WHAT TO PRODUCE —
Write out the line with "J'ai presque fini" and every later line through the end of the data below, exactly as given, with no pictures in the copy.

[Data extracted from a collection]
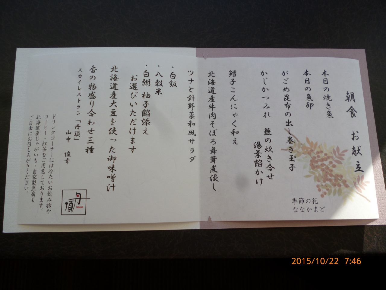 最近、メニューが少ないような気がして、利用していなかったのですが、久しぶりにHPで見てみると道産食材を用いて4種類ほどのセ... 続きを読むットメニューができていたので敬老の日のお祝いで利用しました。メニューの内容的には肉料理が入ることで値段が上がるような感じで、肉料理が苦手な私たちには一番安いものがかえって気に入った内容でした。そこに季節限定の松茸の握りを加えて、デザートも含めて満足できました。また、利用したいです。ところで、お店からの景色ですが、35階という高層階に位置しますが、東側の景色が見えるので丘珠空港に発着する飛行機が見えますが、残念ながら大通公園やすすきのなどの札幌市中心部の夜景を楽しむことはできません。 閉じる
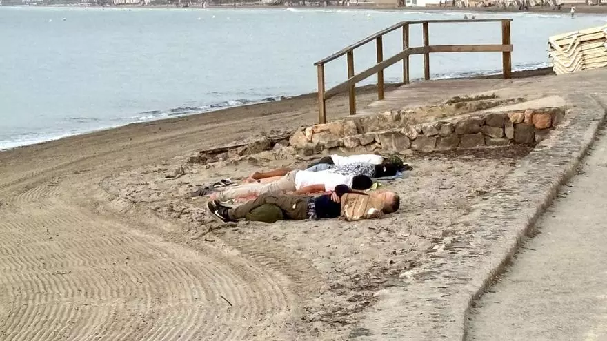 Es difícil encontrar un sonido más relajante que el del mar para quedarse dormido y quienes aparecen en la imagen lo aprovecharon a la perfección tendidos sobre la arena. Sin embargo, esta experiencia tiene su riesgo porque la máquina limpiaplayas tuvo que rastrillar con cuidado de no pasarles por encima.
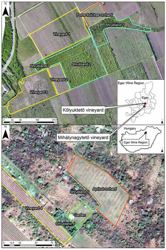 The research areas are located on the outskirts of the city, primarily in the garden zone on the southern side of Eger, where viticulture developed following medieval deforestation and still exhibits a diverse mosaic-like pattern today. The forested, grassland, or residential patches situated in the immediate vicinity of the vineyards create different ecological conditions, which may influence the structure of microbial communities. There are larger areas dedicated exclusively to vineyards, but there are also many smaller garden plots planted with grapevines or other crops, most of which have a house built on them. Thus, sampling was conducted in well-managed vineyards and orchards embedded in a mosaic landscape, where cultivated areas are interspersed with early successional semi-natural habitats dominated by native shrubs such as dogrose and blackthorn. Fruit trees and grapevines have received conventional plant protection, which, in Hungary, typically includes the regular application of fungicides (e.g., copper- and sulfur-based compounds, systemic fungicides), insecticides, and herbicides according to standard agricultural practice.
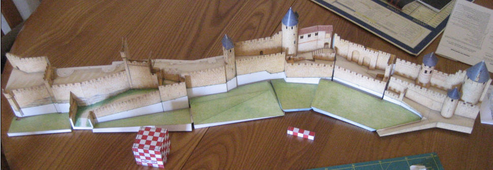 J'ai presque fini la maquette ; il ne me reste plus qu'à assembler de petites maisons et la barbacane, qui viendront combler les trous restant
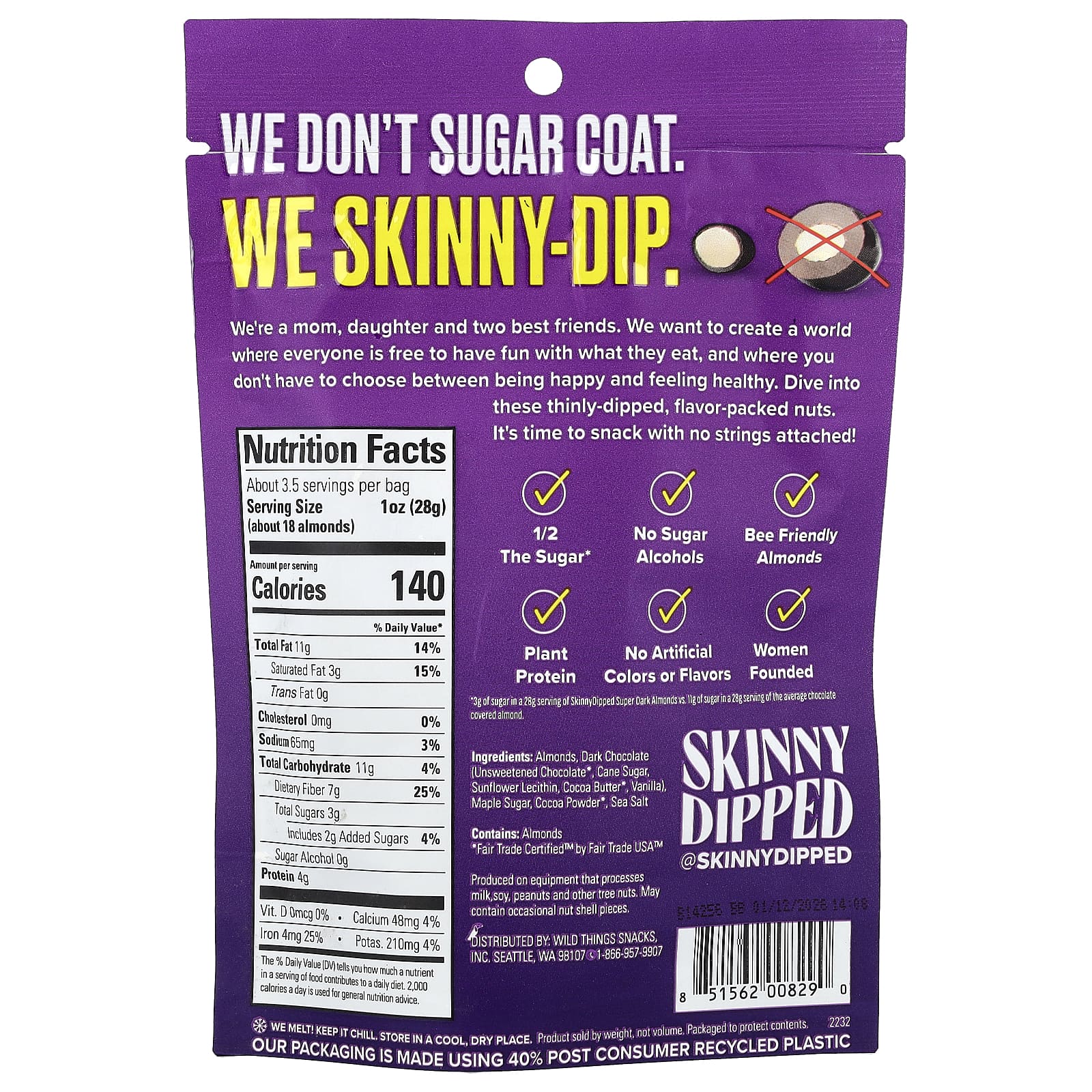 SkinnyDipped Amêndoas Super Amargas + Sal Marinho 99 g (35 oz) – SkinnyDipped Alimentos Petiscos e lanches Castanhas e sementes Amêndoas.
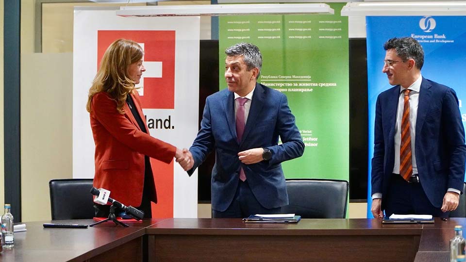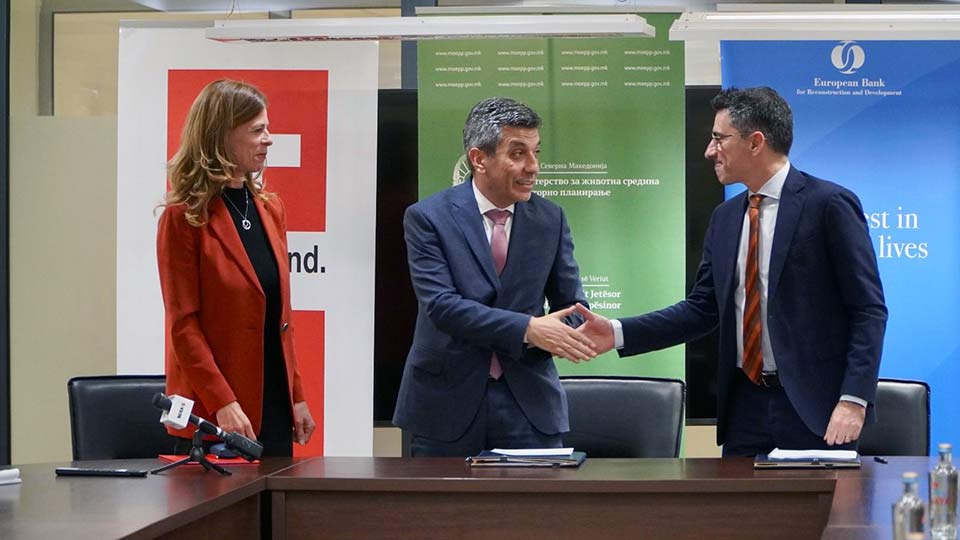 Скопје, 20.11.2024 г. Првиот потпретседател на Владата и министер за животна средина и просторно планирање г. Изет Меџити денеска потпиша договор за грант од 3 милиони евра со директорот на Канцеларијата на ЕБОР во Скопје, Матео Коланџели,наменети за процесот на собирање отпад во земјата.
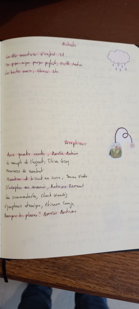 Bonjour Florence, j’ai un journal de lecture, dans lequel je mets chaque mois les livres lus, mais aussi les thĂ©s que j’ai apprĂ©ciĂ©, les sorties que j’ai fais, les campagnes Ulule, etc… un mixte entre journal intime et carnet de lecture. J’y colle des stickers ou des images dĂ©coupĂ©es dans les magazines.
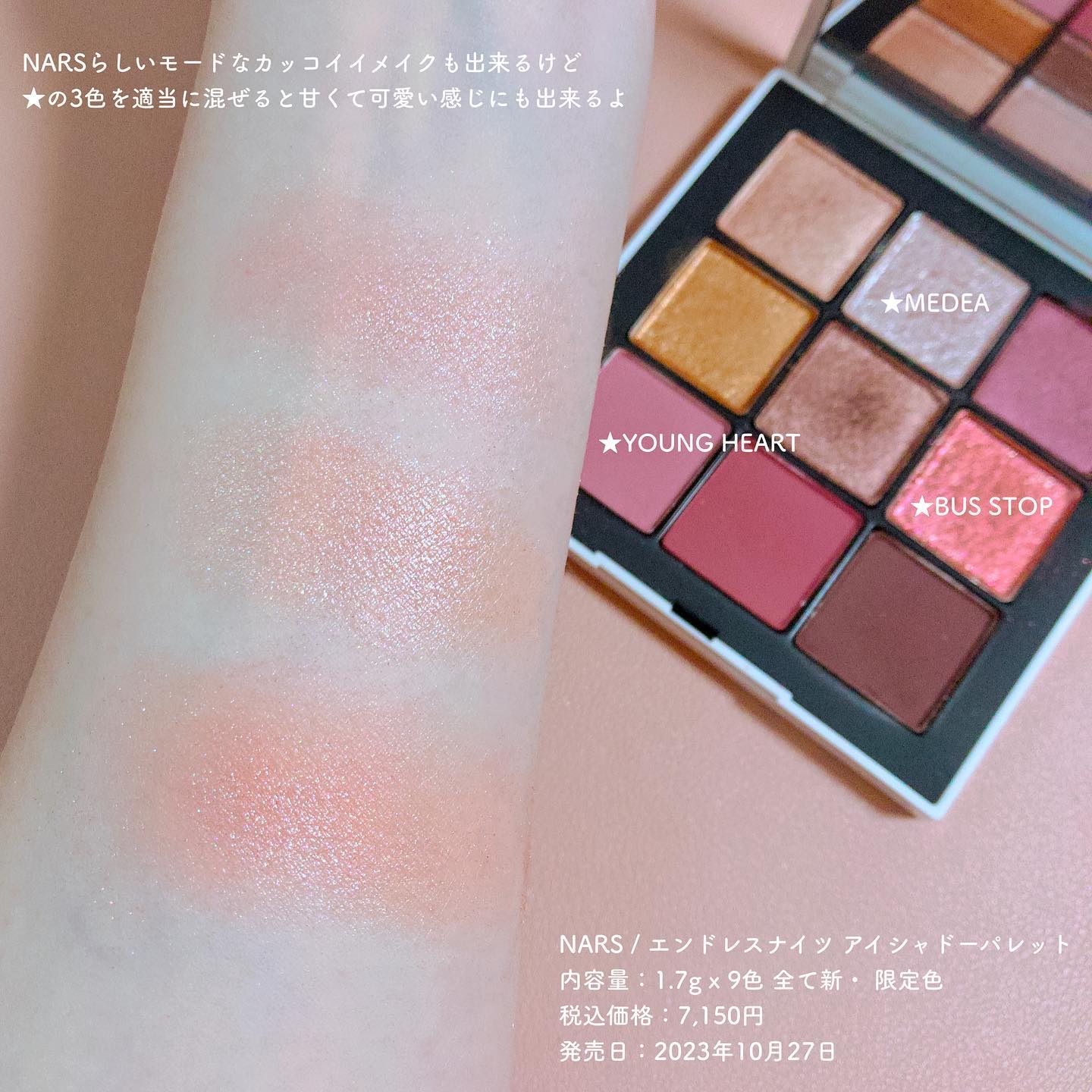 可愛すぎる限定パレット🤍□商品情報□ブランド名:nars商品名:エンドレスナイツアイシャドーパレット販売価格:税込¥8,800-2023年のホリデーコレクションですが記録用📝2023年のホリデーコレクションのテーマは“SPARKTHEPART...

REPLY —
 J'ai presque fini la maquette ; il ne me reste plus qu'à assembler de petites maisons et la barbacane, qui viendront combler les trous restant
 SkinnyDipped Amêndoas Super Amargas + Sal Marinho 99 g (35 oz) – SkinnyDipped Alimentos Petiscos e lanches Castanhas e sementes Amêndoas.
 Скопје, 20.11.2024 г. Првиот потпретседател на Владата и министер за животна средина и просторно планирање г. Изет Меџити денеска потпиша договор за грант од 3 милиони евра со директорот на Канцеларијата на ЕБОР во Скопје, Матео Коланџели,наменети за процесот на собирање отпад во земјата.
 Bonjour Florence, j’ai un journal de lecture, dans lequel je mets chaque mois les livres lus, mais aussi les thĂ©s que j’ai apprĂ©ciĂ©, les sorties que j’ai fais, les campagnes Ulule, etc… un mixte entre journal intime et carnet de lecture. J’y colle des stickers ou des images dĂ©coupĂ©es dans les magazines.
 可愛すぎる限定パレット🤍□商品情報□ブランド名:nars商品名:エンドレスナイツアイシャドーパレット販売価格:税込¥8,800-2023年のホリデーコレクションですが記録用📝2023年のホリデーコレクションのテーマは“SPARKTHEPART...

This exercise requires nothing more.